#### Exercise brief
Below are some entries. Transcribe the lines from the one holding "Le charme de" to the one holding "Morcov croșetat manual", inclusive, but not the pictures among them.

#### Exercise data

◇ ◇ ◇ ◇ ◇ ◇ ◇

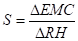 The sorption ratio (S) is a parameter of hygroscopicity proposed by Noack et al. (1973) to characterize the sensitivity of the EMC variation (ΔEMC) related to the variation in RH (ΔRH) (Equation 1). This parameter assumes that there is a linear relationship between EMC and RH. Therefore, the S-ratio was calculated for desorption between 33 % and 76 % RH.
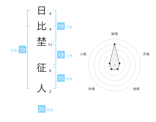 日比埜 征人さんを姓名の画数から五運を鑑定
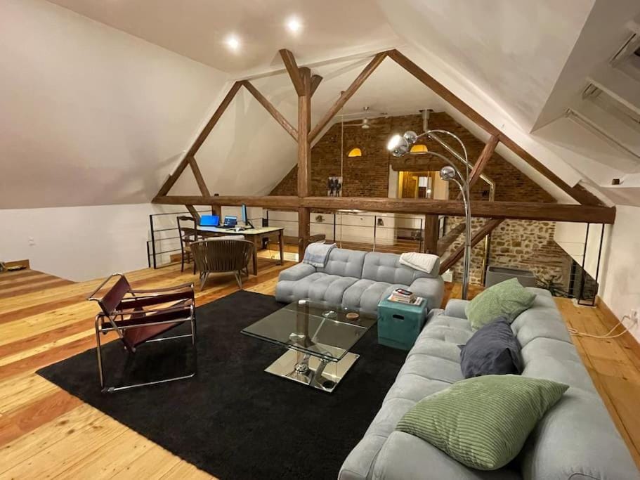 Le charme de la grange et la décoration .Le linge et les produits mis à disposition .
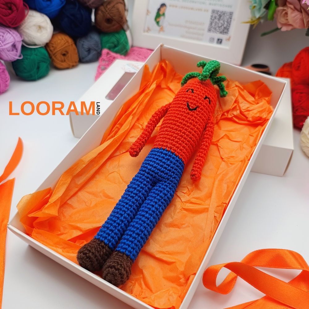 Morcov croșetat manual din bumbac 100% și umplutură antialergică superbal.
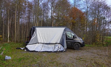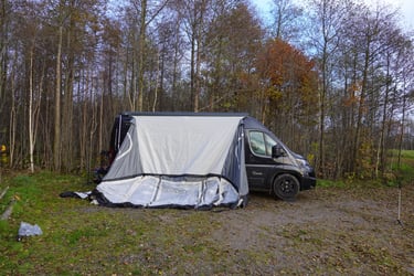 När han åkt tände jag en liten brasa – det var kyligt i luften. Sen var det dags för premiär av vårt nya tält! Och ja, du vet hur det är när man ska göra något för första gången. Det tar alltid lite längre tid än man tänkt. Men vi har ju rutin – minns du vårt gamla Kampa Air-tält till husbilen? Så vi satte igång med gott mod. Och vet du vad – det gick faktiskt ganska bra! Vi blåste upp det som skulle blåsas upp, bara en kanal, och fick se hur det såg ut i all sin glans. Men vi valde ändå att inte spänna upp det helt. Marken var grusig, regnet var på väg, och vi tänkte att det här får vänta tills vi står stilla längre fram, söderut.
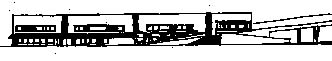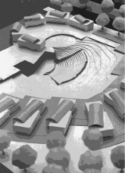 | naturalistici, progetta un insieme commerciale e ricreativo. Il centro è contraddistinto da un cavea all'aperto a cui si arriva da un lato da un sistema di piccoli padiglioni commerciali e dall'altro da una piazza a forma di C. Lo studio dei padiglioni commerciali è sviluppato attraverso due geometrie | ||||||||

◇ ◇ ◇ ◇ ◇ ◇ ◇

#### Response for this exercise
 Le charme de la grange et la décoration .Le linge et les produits mis à disposition .
 Morcov croșetat manual din bumbac 100% și umplutură antialergică superbal.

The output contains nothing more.